I Michał żył z chorobą aż do teraz, stosując się do zaleceń lekarza. Gdy przestał rosnąć, zauważył, że jedną stopę ma mniejszą niż drugą - jakieś półtora rozmiaru. Zaczęły się pojawiać bóle spoczynkowe, głównie w nocy. Zasypiał, po 15 minutach, pół godzinie, godzinie - budził go ból, jakby ktoś wrzątkiem polał mu nogę. Wstawał i chodził, żeby krew mogła spłynąć do niedokrwionej nogi, wtedy ból ustępował. Na taki ból nie pomagały żadne środki przeciwbólowe, nawet duże dawki. Bezsenność coraz bardziej dawała się we znaki. Nieprzespanych nocy Michał nie mógł odespać w dzień - ból powracał, a poza tym w tygodniu pracował. Gdy nie był w stanie skupić się na pracy z powodu wyczerpania - zrezygnował, zanim jego błąd spowodowany niewyspaniem doprowadziłby do jakiejś tragedii.
- Moja choroba jest zagadką dla chirurgów naczyniowych zarówno w Polsce, Hiszpanii, czy Niemczech, gdzie byłem gościem jako pacjent tamtejszych szpitali.- mówi Michał. - Perspektywa utraty nogi wisi cały czas nade mną. Poza tym w sierpniu 2013 r. na stopie pojawiła się otwarta rana martwicza, która nie goi się po dziś dzień i do tego sprawia mi ogromny ból. Zaczęło się od małego otarcia po wewnętrznej stronie stopy, dosłownie wielkości główki od szpilki. Potem rana zaczęła rosnąć, robiła się coraz większa i głębsza. Ból. Znowu. Boli nie tylko podczas leżenia, ale też chodzenia.
- Ja nie wiem, czy kiedykolwiek coś takiego widziałem - mówił lekarz z Łodzi, oglądając stopę Michała. Jednak potem dodał, że nie wszystko stracone, że nogę można uratować. Jeszcze można, ale wcale nie jest powiedziane, że zawsze będzie taka szansa. Dlatego trzeba się spieszyć. Plan jest całkiem prosty. W pierwszej kolejności zabieg sympatektomii lędźwiowej. Chirurg wytnie fragment nerwu współczulnego, który odpowiada za kurczenie naczyń krwionośnych. Ryzyko? Zawsze jest, jednak kilku innych lekarzy potwierdziło, że zabieg może pomóc uratować nogę. Po kilku tygodniach od zabiegu Michał otrzyma 30-dniową kroplówkę z leku, który ma na celu dokrwić kończynę i tym samym usunąć infekcję oraz zamknąć uporczywą i bolesną ranę.

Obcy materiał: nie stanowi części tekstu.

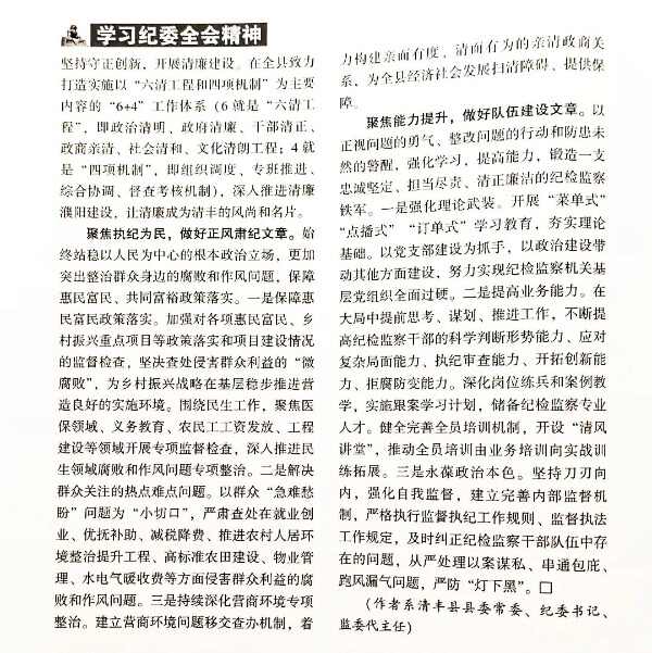 推进纪检监察工作创新,探索开展清廉濮阳建设,坚持重遏制、强高压、长震慑,实现一体推进“三不”战略目标。一是坚持靶向治疗,做到精准发力。紧盯公款吃喝、大操大办酒席、私车公养和违反中央八项规定精神等问题,采取明查暗访、随机抽查、突击检查等方式,驰而不息纠四风,严肃查处违纪行为。紧盯政策支持力度大、投资密集、资源集中的重点领域和土地转让、项目审批、规划管理、国有资本使用等重点环节,坚决依法查处贪污贿赂、滥用职权、玩忽职守、徇私舞弊等职务违法犯罪。二是坚持标本兼治,深化以案促改。探索运用以案促改“大案要案一案一改,同类案件统一整改”模式方式,强化警示教育的力度,推动案件资源转化为教育资源,推动相关单位举一反三、建章立制、堵塞监管漏洞,引导广大党员干部牢固树立正确的世界观、人生观、价值观,筑牢“不想腐”的防线。三是坚持守正创新,开展清廉建设。在全县致力打造实施以“六清工程和四项机制”为主要内容的“6+4”工作体系(6就是“六清工程”,即政治清明、政府清廉、干部清正、政商亲清、社会清和、文化清朗工程;4就是“四项机制”,即组织调度、专班推进、综合协调、督查考核机制),深入推进清廉濮阳建设,让清廉成为清丰的风尚和名片。
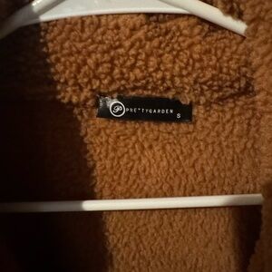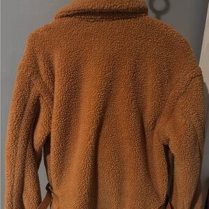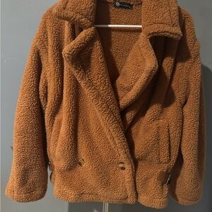 Embrace the cozy warmth of this plush teddy jacket, featuring a rich caramel hue and a relaxed, oversized fit. The wide lapels and soft sherpa texture make it a stylish choice for chilly days. Its full-length sleeves and fold-over collar add to the comfort and charm.
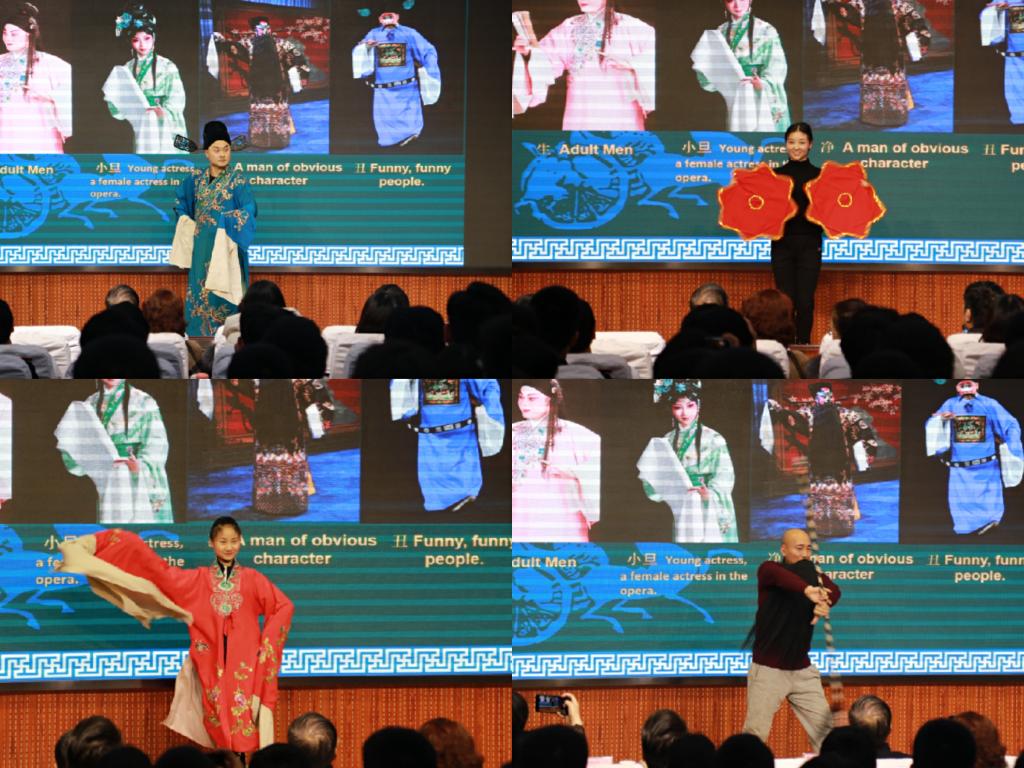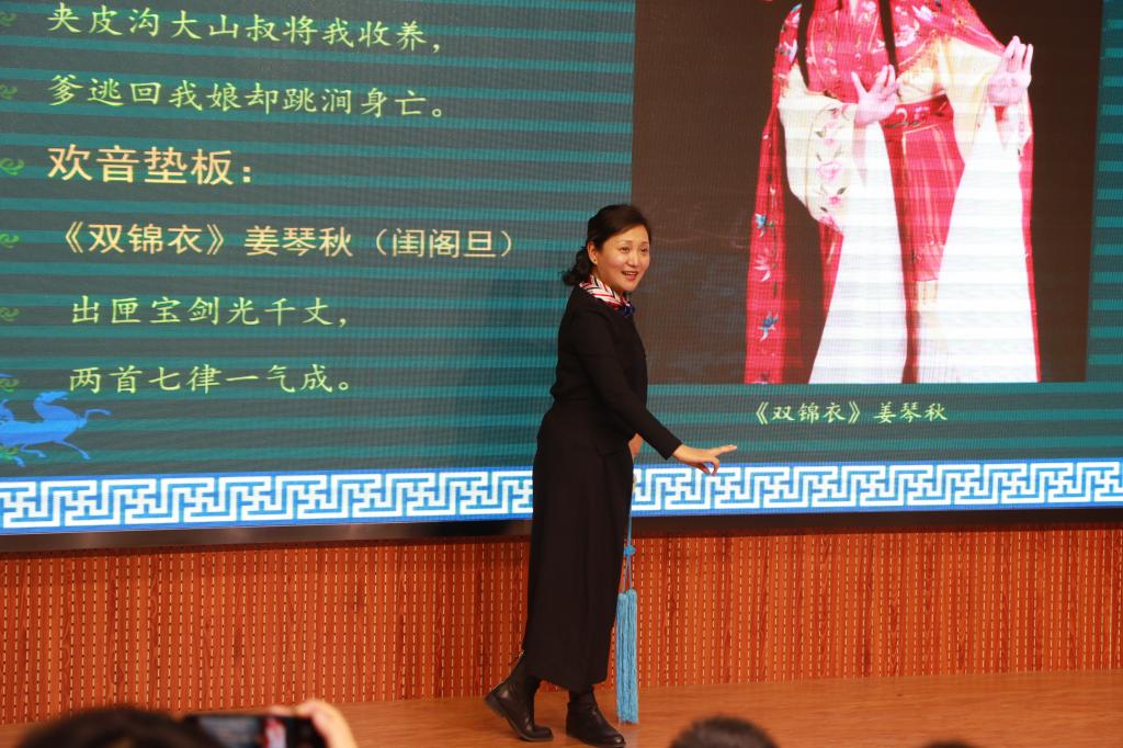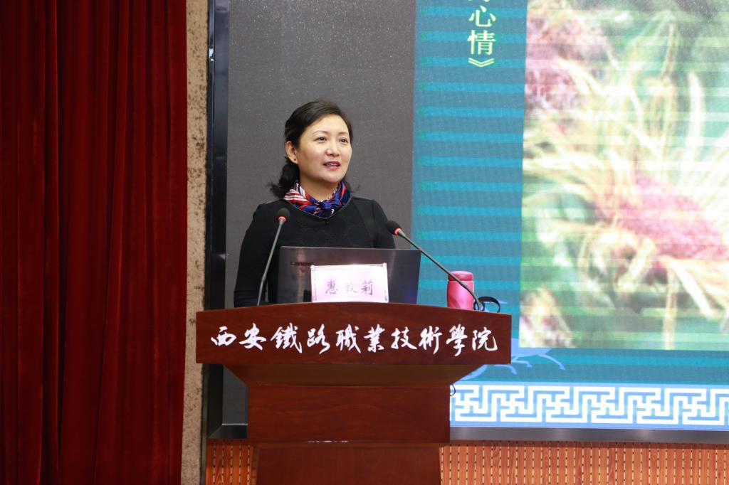 报告会上,惠敏莉从秦腔的起源谈起,从创社者的民族担当讲到继承者的创新发展,为现场200多名师生详细讲解了秦腔和易俗社的基本历史和现状、秦腔的编演种类、声腔特点、唱词、板式等内容,惠老师躬身范唱经典选段、传承班学员上台展示四功五法,哀婉的板胡,轻快的扬琴以及婉转的唱腔似穿越时光的隧道,现场掌声阵阵、气氛活跃。随后,她结合自身学戏经历,对青年学子提出了殷殷期望,她希望在座的新时代铁路学子能始终不忘初心,业精于勤,积极了解和弘扬中国传统文化,夯实知识,努力成长为轨道交通行业全面发展的高素质技能型人才。最后,惠老师与传承班学员共同为大家展示了传统秦腔艺术中的声腔、服饰、道具之美,学生在易俗社四位学员的指导下上台置换戏装,亲身体验了秦腔魅力,大家纷纷表示回味无穷。最后,全体师生与西安易俗社全体学员上台合影留念。

Amputacja nogi od początku była przedstawiana jako jedna z metod leczenia. Nie trzeba by było walczyć, bo nie byłoby już o co. Michał jednak woli najpierw zrobić wszystko, żeby mieć nogę. Nie zna przyczyny swojej choroby, do tej pory nie spotkał się z lekarzem, który byłby w stanie mu to wyjaśnić. Przez lata lekarze mówili, że operacja wiąże sie z ryzykiem utraty nogi, jednak brak operacji wiąże się dokładnie z tym samym - amputacją w przyszłości. Michał ryzyko podejmie, nie jest w stanie dłużej tak żyć. Potrzebuje jednak naszego wsparcia. Możemy mu pomóc uwierzyć, że życie zaczyna się po 30-tce, że po udanym leczeniu będzie mógł zacząć wszystko od nowa - pracę, przespane noce pełne snów, a nie bólu i życie bez obaw o to, że któregoś dnia straci nogę.